### Exercise
Retype only the lines below from the one with "Look again…there is" to the one with "Uşak Yerel Gazeteleri", inclusive, skipping every image.
*** Listed entries Section Begins ***
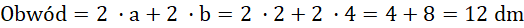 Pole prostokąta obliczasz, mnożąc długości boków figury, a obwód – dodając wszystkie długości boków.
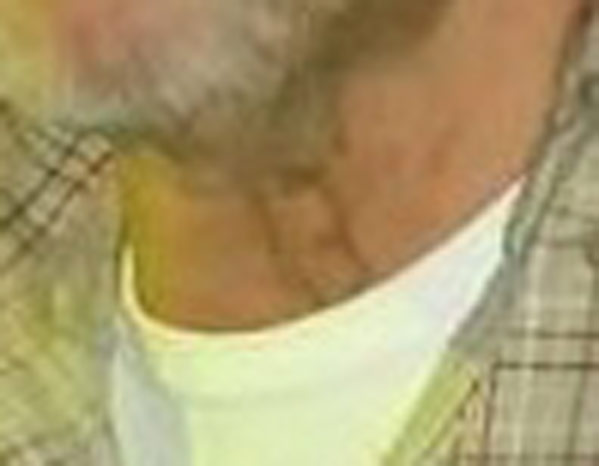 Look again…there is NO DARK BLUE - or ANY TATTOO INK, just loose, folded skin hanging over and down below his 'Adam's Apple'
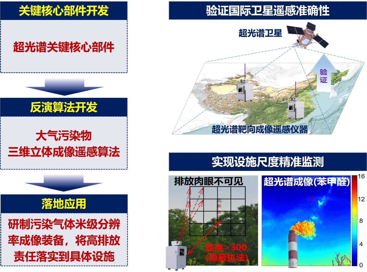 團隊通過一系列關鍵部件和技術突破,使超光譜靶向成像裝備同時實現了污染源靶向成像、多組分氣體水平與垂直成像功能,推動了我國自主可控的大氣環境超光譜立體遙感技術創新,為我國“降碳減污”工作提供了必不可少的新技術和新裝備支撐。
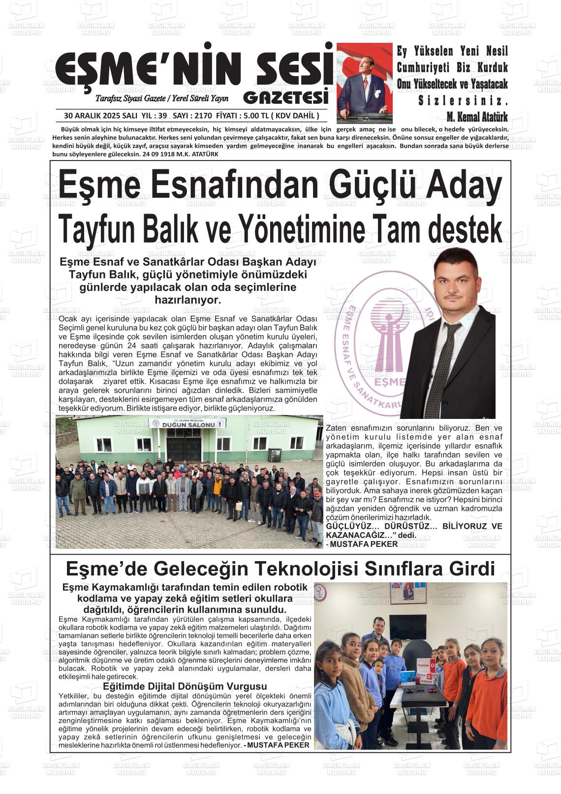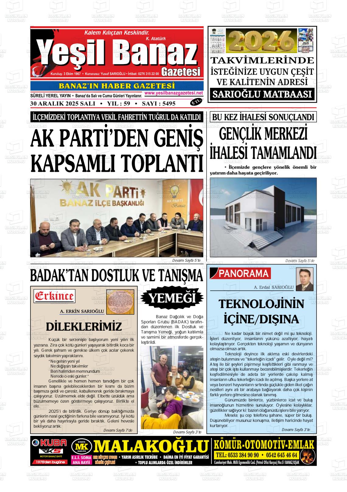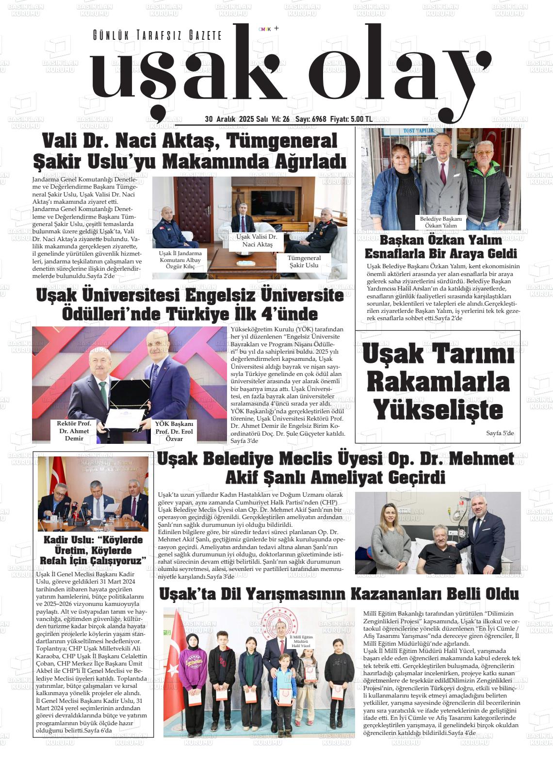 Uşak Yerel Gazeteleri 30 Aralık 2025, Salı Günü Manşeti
*** Listed entries Section Ends ***
*** Listed entries Section Begins ***
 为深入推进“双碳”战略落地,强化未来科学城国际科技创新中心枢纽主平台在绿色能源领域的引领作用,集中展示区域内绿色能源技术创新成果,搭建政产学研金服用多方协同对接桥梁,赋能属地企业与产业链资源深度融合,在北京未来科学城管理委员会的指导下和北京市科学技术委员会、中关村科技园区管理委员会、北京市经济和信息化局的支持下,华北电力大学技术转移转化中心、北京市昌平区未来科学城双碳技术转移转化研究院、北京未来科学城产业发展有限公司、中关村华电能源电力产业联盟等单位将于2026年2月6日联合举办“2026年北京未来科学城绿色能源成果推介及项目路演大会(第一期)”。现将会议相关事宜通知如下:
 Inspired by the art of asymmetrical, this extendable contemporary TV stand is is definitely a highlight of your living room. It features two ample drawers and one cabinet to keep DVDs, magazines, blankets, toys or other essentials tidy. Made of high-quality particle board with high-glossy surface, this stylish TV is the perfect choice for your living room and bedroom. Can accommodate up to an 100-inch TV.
*** Listed entries Section Ends ***
### Task solution
 Look again…there is NO DARK BLUE - or ANY TATTOO INK, just loose, folded skin hanging over and down below his 'Adam's Apple'
 團隊通過一系列關鍵部件和技術突破,使超光譜靶向成像裝備同時實現了污染源靶向成像、多組分氣體水平與垂直成像功能,推動了我國自主可控的大氣環境超光譜立體遙感技術創新,為我國“降碳減污”工作提供了必不可少的新技術和新裝備支撐。
 Uşak Yerel Gazeteleri 30 Aralık 2025, Salı Günü Manşeti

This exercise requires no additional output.